ACTIVITY: The answer is the data repeated in full, with no pictures included.

SOURCE MATERIAL:
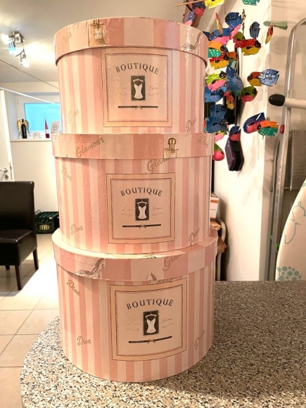 3 nostalgische, sehr gepflegte, elegante Hutboxen / Hutschachteln / Aufbewahrungsboxen
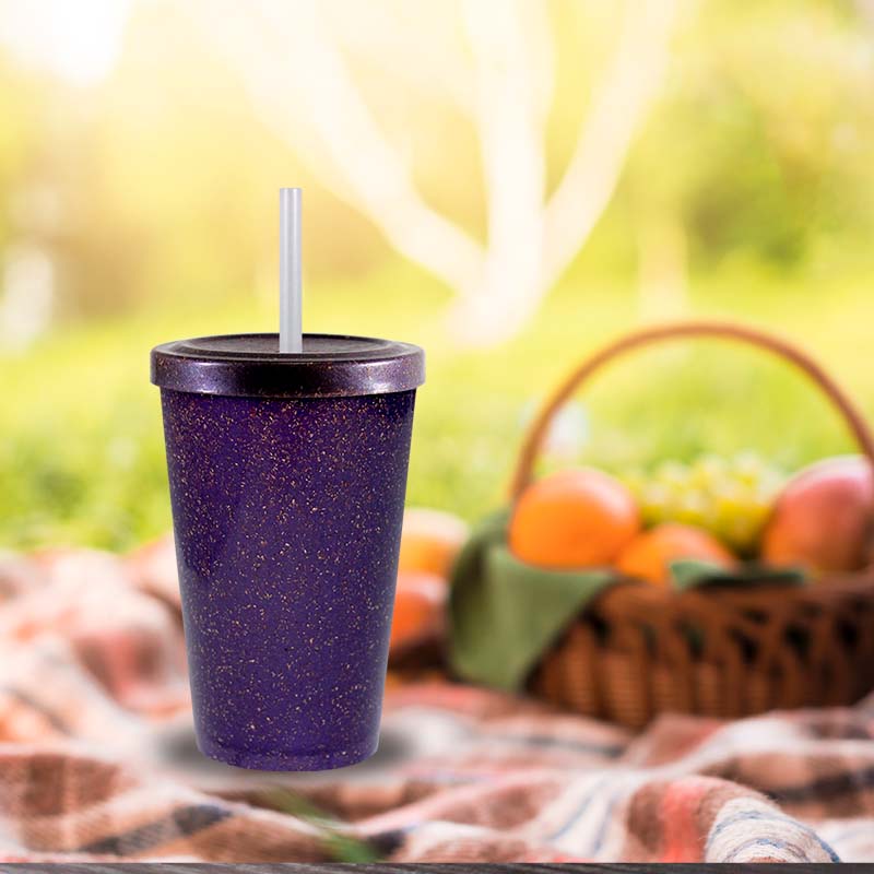 Kit 4 Copo Tampa Canudo Fibra Madeira Lilás 320mL
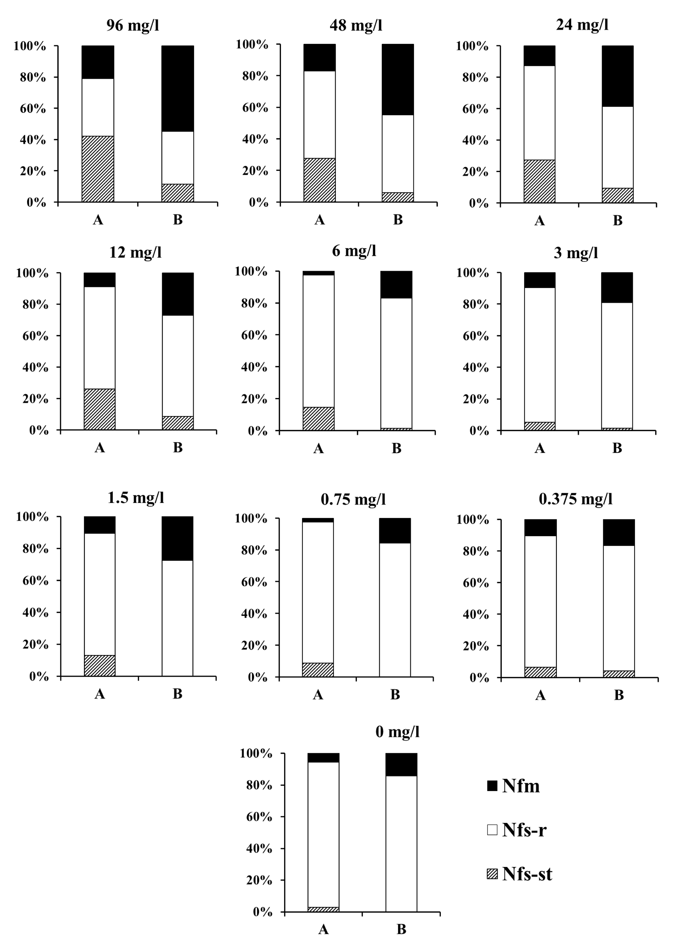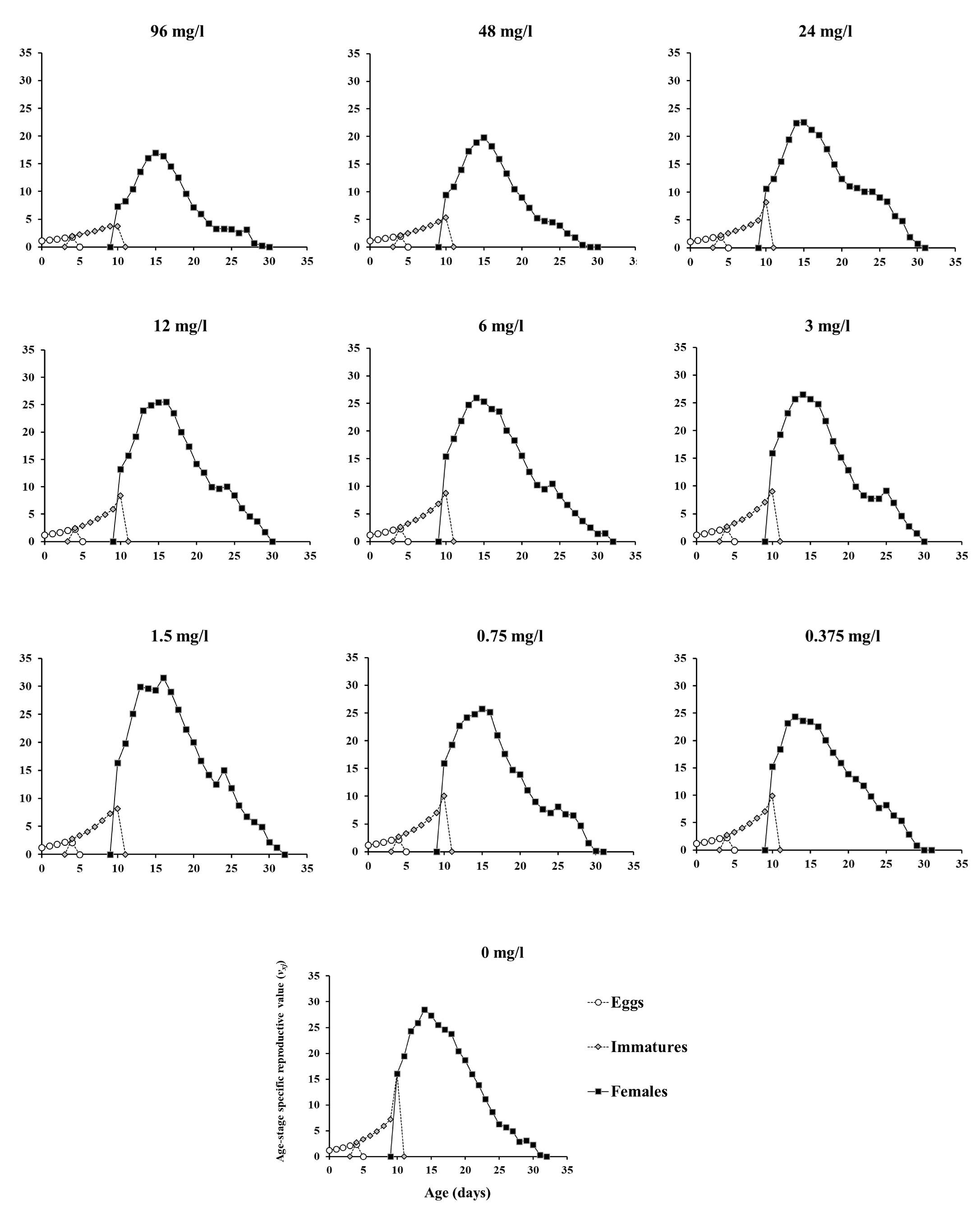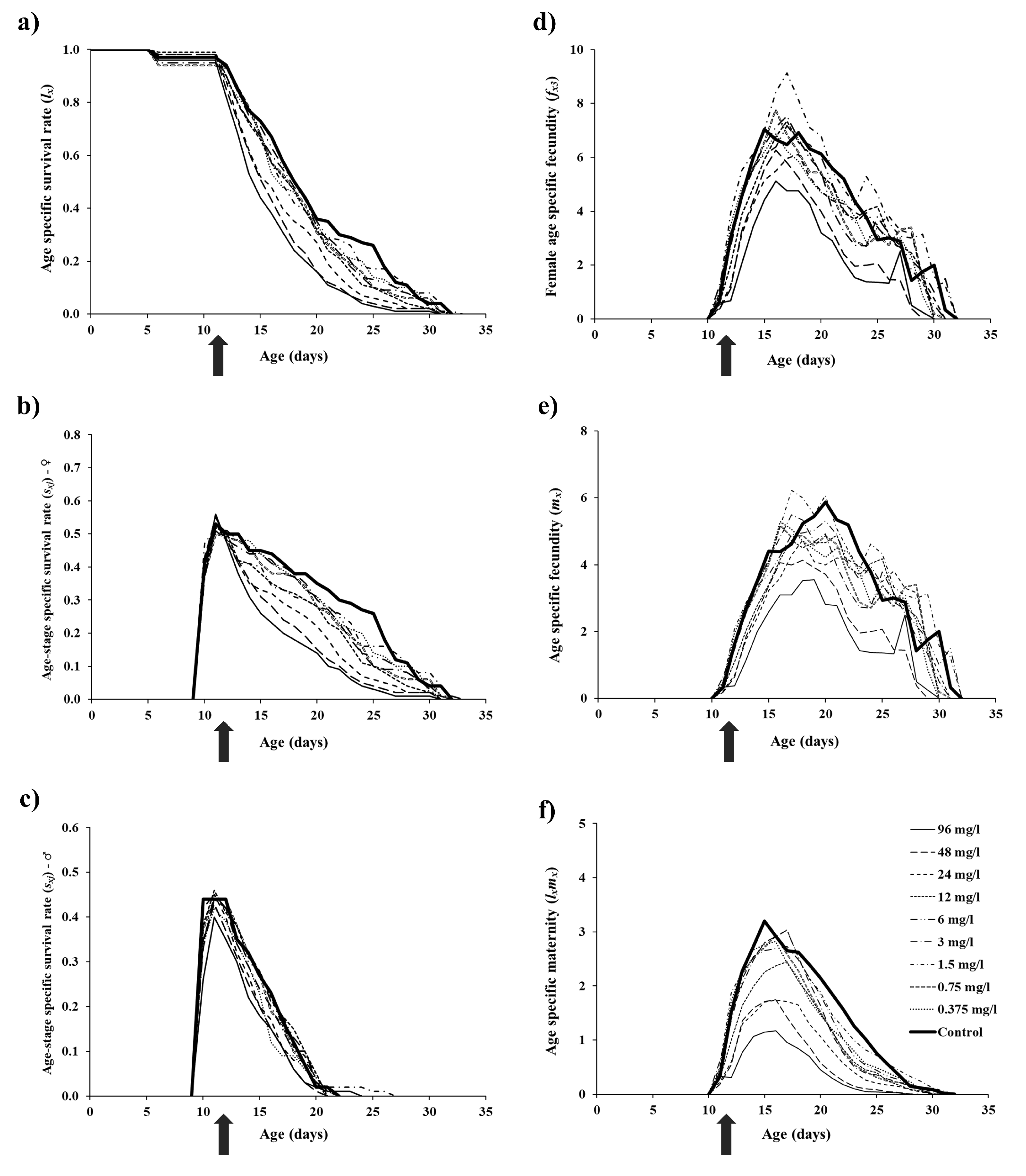Demographic parameters are detailed in Table 3. The net reproductive rate (R0), intrinsic rate of increase (r) and finite rate of increase (λ) were significantly reduced by the three highest concentrations (by 49-72%, 20-34%, and 4-6%, respectively), compared to the control. In treatments with 96 mg/l concentration, these three demographic parameters were significantly lower also in comparison with treatments with concentrations of 48 mg/l and 24 mg/l. The gross reproductive rate (GRR) was significantly reduced by treatments with concentrations of 96 mg/l and 48 mg/l (by 39%, and 49%, respectively) compared to the control. As in the life history traits, the highest GRR value was found in treatment with 1.5 mg/l, but it was not significantly different from the control (Table 3).

FINISHED EXERCISE:
 3 nostalgische, sehr gepflegte, elegante Hutboxen / Hutschachteln / Aufbewahrungsboxen
 Kit 4 Copo Tampa Canudo Fibra Madeira Lilás 320mL
Demographic parameters are detailed in Table 3. The net reproductive rate (R0), intrinsic rate of increase (r) and finite rate of increase (λ) were significantly reduced by the three highest concentrations (by 49-72%, 20-34%, and 4-6%, respectively), compared to the control. In treatments with 96 mg/l concentration, these three demographic parameters were significantly lower also in comparison with treatments with concentrations of 48 mg/l and 24 mg/l. The gross reproductive rate (GRR) was significantly reduced by treatments with concentrations of 96 mg/l and 48 mg/l (by 39%, and 49%, respectively) compared to the control. As in the life history traits, the highest GRR value was found in treatment with 1.5 mg/l, but it was not significantly different from the control (Table 3).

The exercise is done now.